▶ Requirement
Without the pictures, reproduce the records that follow exactly.

Content starts

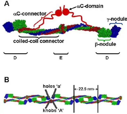 ((A) Model of human fibrinogen based on the crystal structure modified from [19]. (B) Model of half-staggered, double-stranded fibrin protofibril, illustrating the knob-hole interactions ‘A:a’. Because the locations of the αC regions in the protofibril are unknown, they are omitted from this model. (E) The model in panel C superimposed on a transmission electron micrograph of a negatively-stained fibrin fiber segment with alignment of the stain pattern with the assembled fiber pattern.)
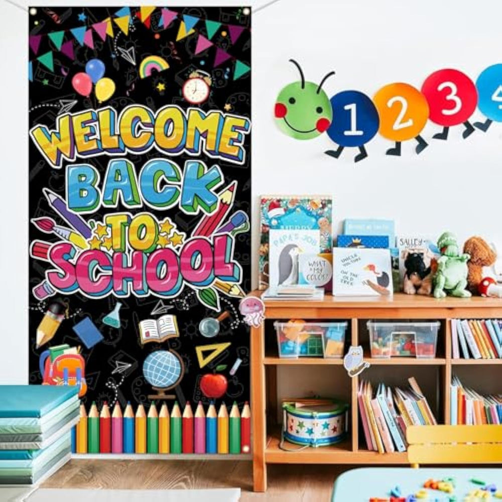 | Back To School Party Decorations: Welcome Back To School Door Banner Is Designed With A Lot Of School Elements, 71 X 35 Inch Large Size Make The Back To School Banner More Visible And Attractive Enough For Back To School Party Decorations | | Reliable Material: Welcome Back To School Banner Made Of High Quality Polyester Intended To Be Used For Years To Come In Back To School Party Supplies, Durable, Bright Colors, Clear Printing, No Odor, Smooth And Comfortable To The Touch Due To Fine Workmanship, Indoor And Outdoor Can Be Used | | Easy To Install: First Day Of School Banner There Are 4 Brass Holes Distributed On Each Of The 4 Corners, Plus 20 Feet Of Rope, It Is Easy To Install It Anywhere You Want, You Can Hang It Up Or Place It Horizontally | | Wide Application: This Welcome Back To School Banners Is Perfectly Used As Back To School Classroom Party Decorations, Photo Studio Photography Or Wall Decors, Home Decor, Yard, Front Door, Table, Photo Booths, Photography Props, It Will Definitely Be A Hit For Your Back To School Party Event | | Nice Service: Your Satisfaction Is Our Top Priority, If You Have Any Problems With The Items You Receive, Our
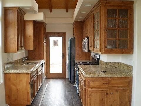 Stone fireplaceFenced backyardHigh ceilingsGranite countertopsWood floorsFlagstone patioStained glass accents
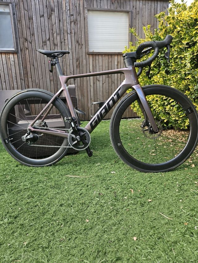 Detalles del productoBicicleta de carretera Giant Propel del año 2023. Diseño aerodinámico y acabado en color púrpura iridiscente.
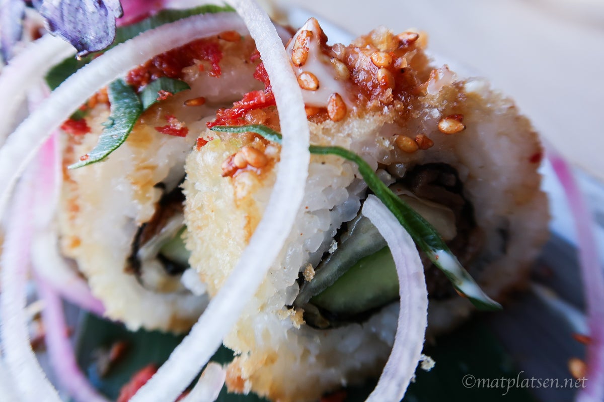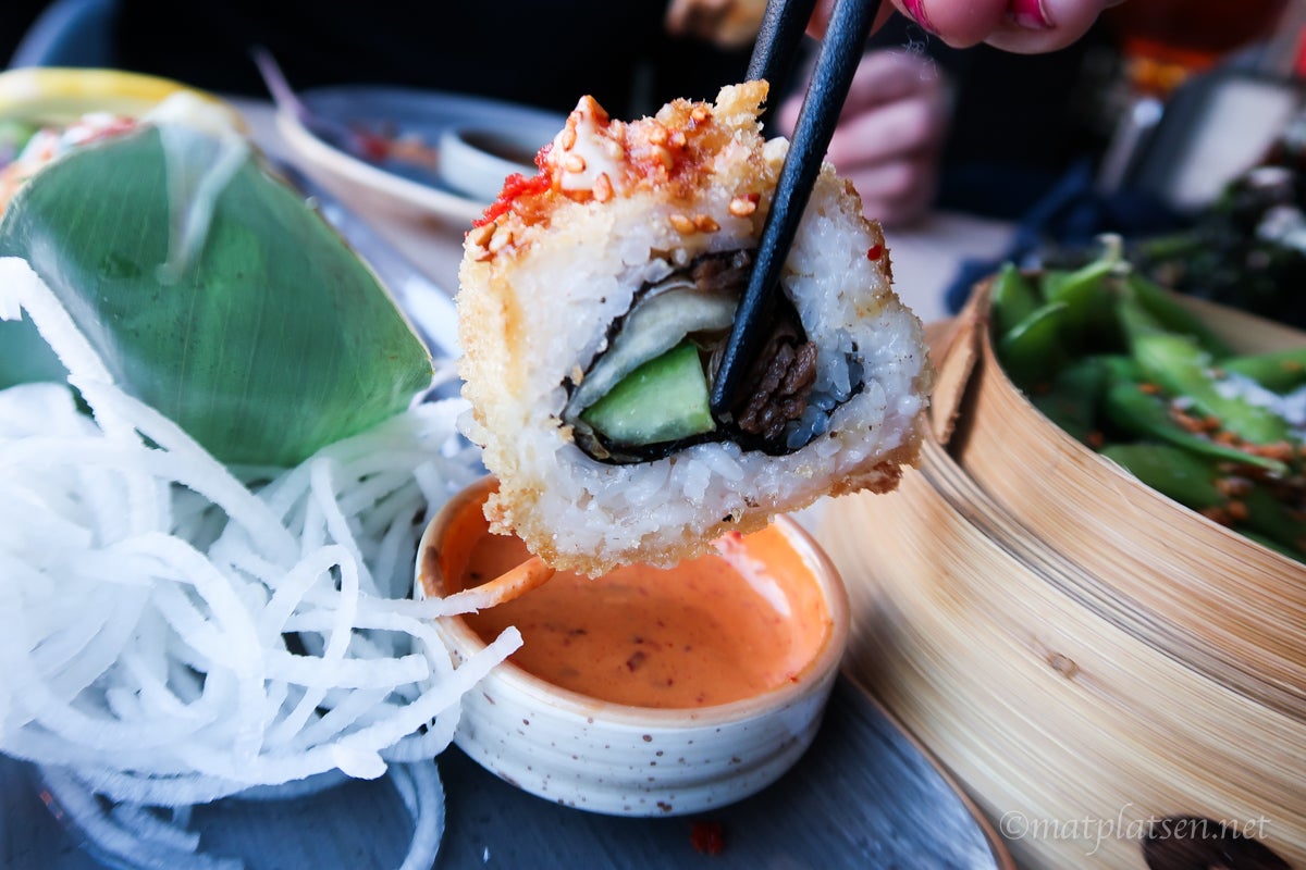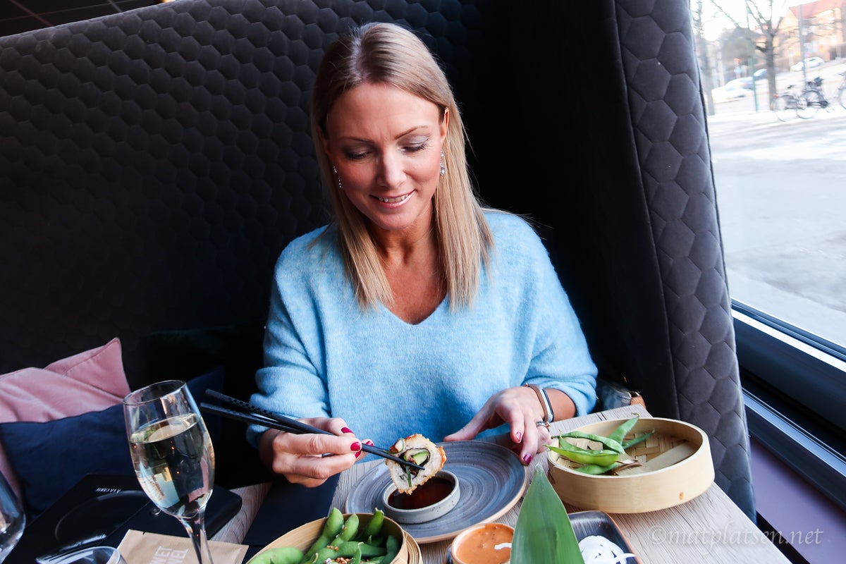 Ni som följt mig ett tag vet kanske vid det här laget att jag i n t e gillar sushi. (inte Micke heller). Kan inte med rå fisk. Men vi fick provsmaka en variant utan fisk, närmare bestämt sushi rullad i pank och friterad med fyllning av entrecote. Nån chilimajo till förutom klassiska sushitillbehör och vet ni? Det var SÅÅÅÅÅ GOTT!!
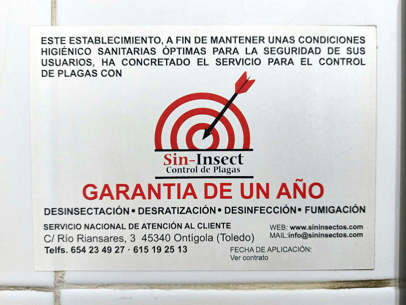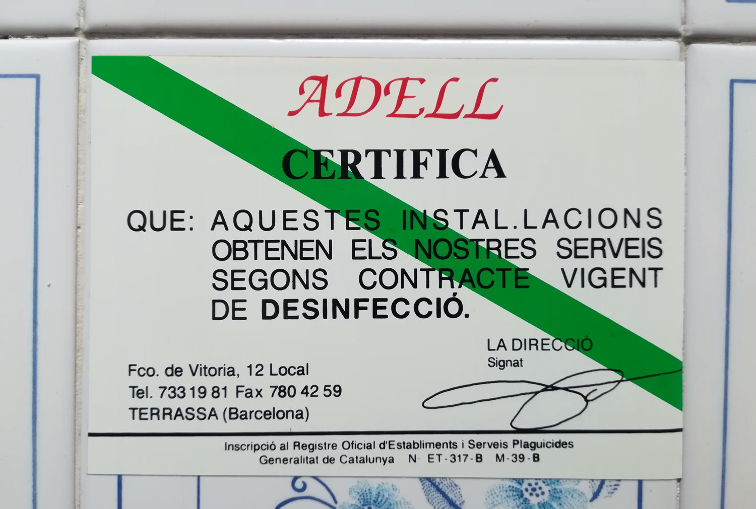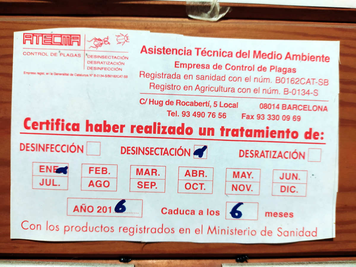 Fig 36. Certificado de pared de Fumigadora Internacional, Tenerife./ C. Pradera 07-2021

Content ends

▶ Solved problem
 ((A) Model of human fibrinogen based on the crystal structure modified from [19]. (B) Model of half-staggered, double-stranded fibrin protofibril, illustrating the knob-hole interactions ‘A:a’. Because the locations of the αC regions in the protofibril are unknown, they are omitted from this model. (E) The model in panel C superimposed on a transmission electron micrograph of a negatively-stained fibrin fiber segment with alignment of the stain pattern with the assembled fiber pattern.)
 | Back To School Party Decorations: Welcome Back To School Door Banner Is Designed With A Lot Of School Elements, 71 X 35 Inch Large Size Make The Back To School Banner More Visible And Attractive Enough For Back To School Party Decorations | | Reliable Material: Welcome Back To School Banner Made Of High Quality Polyester Intended To Be Used For Years To Come In Back To School Party Supplies, Durable, Bright Colors, Clear Printing, No Odor, Smooth And Comfortable To The Touch Due To Fine Workmanship, Indoor And Outdoor Can Be Used | | Easy To Install: First Day Of School Banner There Are 4 Brass Holes Distributed On Each Of The 4 Corners, Plus 20 Feet Of Rope, It Is Easy To Install It Anywhere You Want, You Can Hang It Up Or Place It Horizontally | | Wide Application: This Welcome Back To School Banners Is Perfectly Used As Back To School Classroom Party Decorations, Photo Studio Photography Or Wall Decors, Home Decor, Yard, Front Door, Table, Photo Booths, Photography Props, It Will Definitely Be A Hit For Your Back To School Party Event | | Nice Service: Your Satisfaction Is Our Top Priority, If You Have Any Problems With The Items You Receive, Our
 Stone fireplaceFenced backyardHigh ceilingsGranite countertopsWood floorsFlagstone patioStained glass accents
 Detalles del productoBicicleta de carretera Giant Propel del año 2023. Diseño aerodinámico y acabado en color púrpura iridiscente.
 Ni som följt mig ett tag vet kanske vid det här laget att jag i n t e gillar sushi. (inte Micke heller). Kan inte med rå fisk. Men vi fick provsmaka en variant utan fisk, närmare bestämt sushi rullad i pank och friterad med fyllning av entrecote. Nån chilimajo till förutom klassiska sushitillbehör och vet ni? Det var SÅÅÅÅÅ GOTT!!
 Fig 36. Certificado de pared de Fumigadora Internacional, Tenerife./ C. Pradera 07-2021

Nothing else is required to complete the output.